If no metadata editing is required, you can attempt to publish all candidates with the code in the next section.
## Publish corpus papers
```{r publish_function}
# publish candidates with direct copy of the metadata
publish_compendium <- function(id, cookie, sleep_after_upload_secs = 0) {
if (is.na(id)) {
warning("Cannot publish compendium from ", names(id), "\n")
return(NA)
}
cat(format(Sys.time()), "Publishing ", id, paste0(" (", relativePath(names(id)) ,")"), "...")
# get metadata
response <- GET(url = paste0(o2r_api_endpoint, "compendium/", id, "/metadata"),
accept_json(),
set_cookies(connect.sid = cookie))
metadata <- content(response, as = "text")
# avoid parsing and recoding because of unboxing issues
# extract "o2r" element from metadata
metadata <- str_sub(string = metadata,
start = str_locate(string = metadata, pattern = "\\{\"o2r\"")[[1]],
end = str_length(metadata) - 1)
#cat("Sending metadata:\n", metadata, "\n")
# update metadata
response_update <- PUT(url = paste0(o2r_api_endpoint, "compendium/", id, "/metadata"),
body = metadata,
content_type_json(),
accept_json(),
set_cookies(connect.sid = cookie))
cat(format(Sys.time()), "Published? ", status_code(response_update), "\n")
if (status_code(response_update) != 200) {
cat("Response:", toString(content(response_update)), "\n")
}
result <- status_code(response_update)
names(result) <- id
Sys.sleep(time = sleep_after_upload_secs)
return(result)
}
```
Use loop to publish one paper after the other, and take a little break in between.
```{r publish}
finished_papers_publishings <- c()
for (candidate_id in finished_papers_uploads) {
result <- publish_compendium(candidate_id, cookie = o2r_user_cookie, sleep_after_upload_secs = 2)
if (!is.na(result))
finished_papers_publishings <- c(finished_papers_publishings, result)
}
```
If not all workspaces could be published automatically, go to [the author page](http://localhost/#!/author/0000-0001-6225-344X) to edit the candidate compendia.
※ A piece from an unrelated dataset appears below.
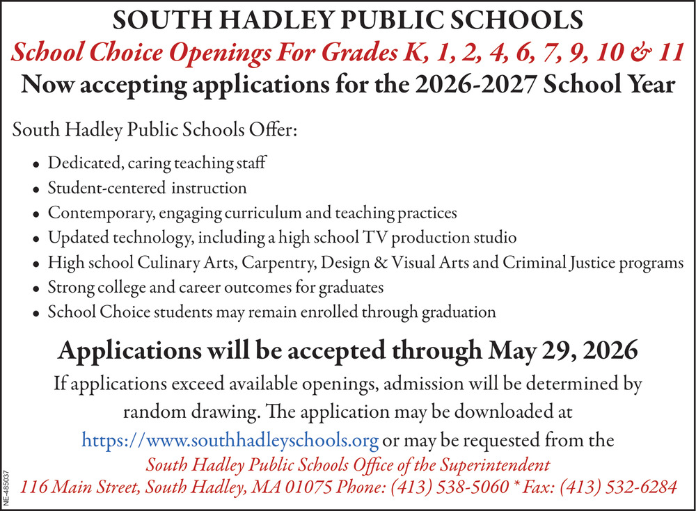 Apr 25, 2026. South Hadley Public Schools Education Ads from Daily Hampshire Gazette
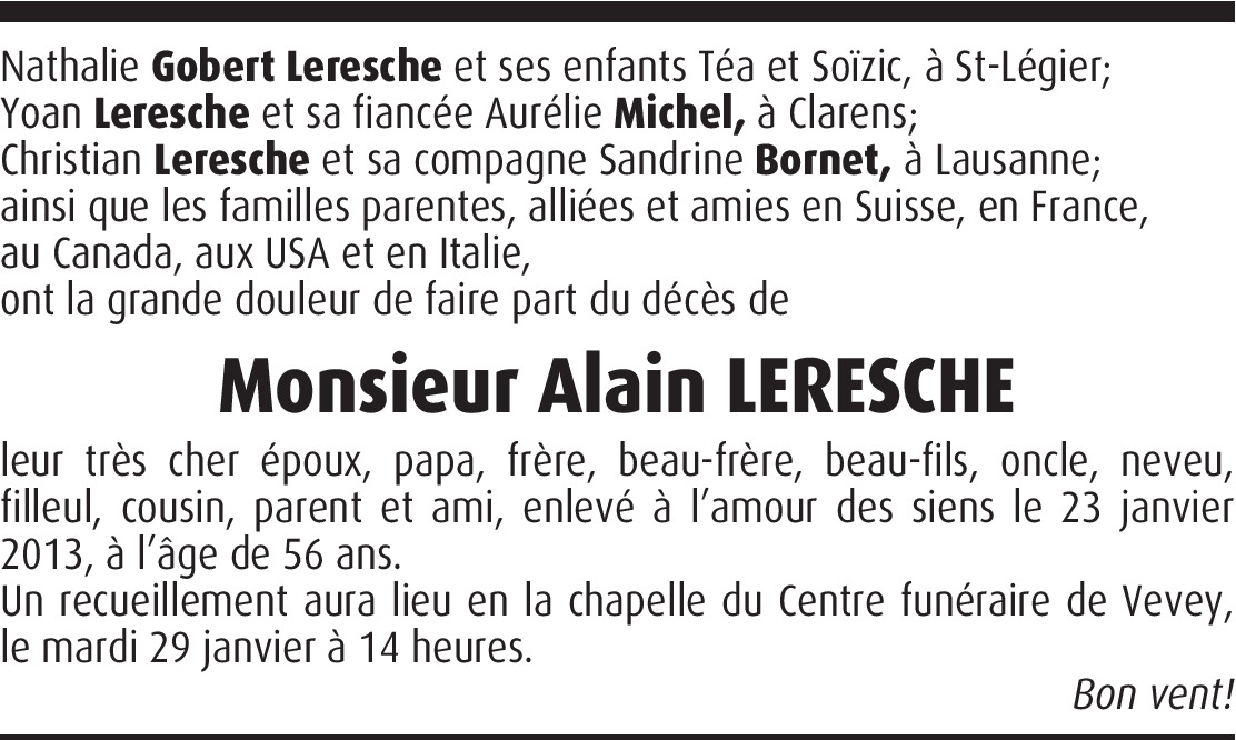 Souhaitons un beau voyage à Alain que nous regretterons vivement... Je remercie le destin qui nous a fait nous rencontrer lors de cette croisière. Toutes nos condoléances et notre amitié, nous pensons trés fort à vous. Bises Brigitte et Stéphane Grancher.

Because of a race condition in `o2r-meta` ([#104](https://github.com/o2r-project/o2r-meta/issues/104)), we might get some `HTTP 500` errors.
Let's try to publish those again.
```{r retry_500_errors}
publish_had_500_error <- names(finished_papers_publishings[finished_papers_publishings == 500])
for (candidate_id in publish_had_500_error) {
result <- publish_compendium(candidate_id, cookie = o2r_user_cookie, sleep_after_upload_secs = 2)
# overwrite status
finished_papers_publishings[candidate_id] <- result
}
```
_How many candidates are still not published now?_
```{r publish_result}
length(finished_papers_publishings[finished_papers_publishings != 200])
```
## Start a job for each paper
```{r job_functions}
start_job <- function(id, cookie) {
cat(format(Sys.time()), "Starting job for ", id, "\n")
# get metadata
response <- POST(url = paste0(o2r_api_endpoint, "job"),
body = list(compendium_id = id),
accept_json(),
set_cookies(connect.sid = cookie))
content <- content(response)
if (is.null(content$job_id)) {
cat(format(Sys.time()), "Error starting job: ", toString(content), "\n")
result <- paste0("Error: ", toString(content))
} else {
cat(format(Sys.time()), "Job for ", id, "is", content$job_id, "\n")
result <- content$job_id
}
names(result) <- paste("compendium:", id)
return(result)
}
#start_job(names(finished_papers_publishings)[[2]], o2r_user_cookie)
job_status <- function(job_id, cookie) {
response <- GET(url = paste0(o2r_api_endpoint, "job/", job_id),
accept_json(),
# authenticate even if not needed to not destroy cookie caching
set_cookies(connect.sid = cookie))
job <- content(response)
return(job$status)
}
finish_job <- function(id, cookie) {
job_id <- start_job(id, cookie)
if (str_detect(string = toString(job_id), pattern = "Error")) {
final_status = NA
} else {
cat(format(Sys.time()), "Waiting for job ", job_id)
while (job_status(job_id, cookie) == "running") {
cat(".")
Sys.sleep(time = 10)
}
cat("\n")
final_status <- job_status(job_id, cookie)
cat(format(Sys.time()), "Job ", job_id, "ended with", final_status, "\n")
}
names(final_status) <- job_id
return(final_status)
}
```
Run the jobs, one at a time.
```{r jobs}
finished_papers_jobs <- c()
for (id in names(finished_papers_publishings)) {
result <- finish_job(id, cookie = o2r_user_cookie)
finished_papers_jobs <- c(finished_papers_jobs, result)
}
summary(as.factor(finished_papers_jobs))
```
## Fixing errors & testing
The following code chunk can be used to upload, publish, and execute a single compendium from the list `finished_papers_repro_zips[has_rmd]` for debugging purposes.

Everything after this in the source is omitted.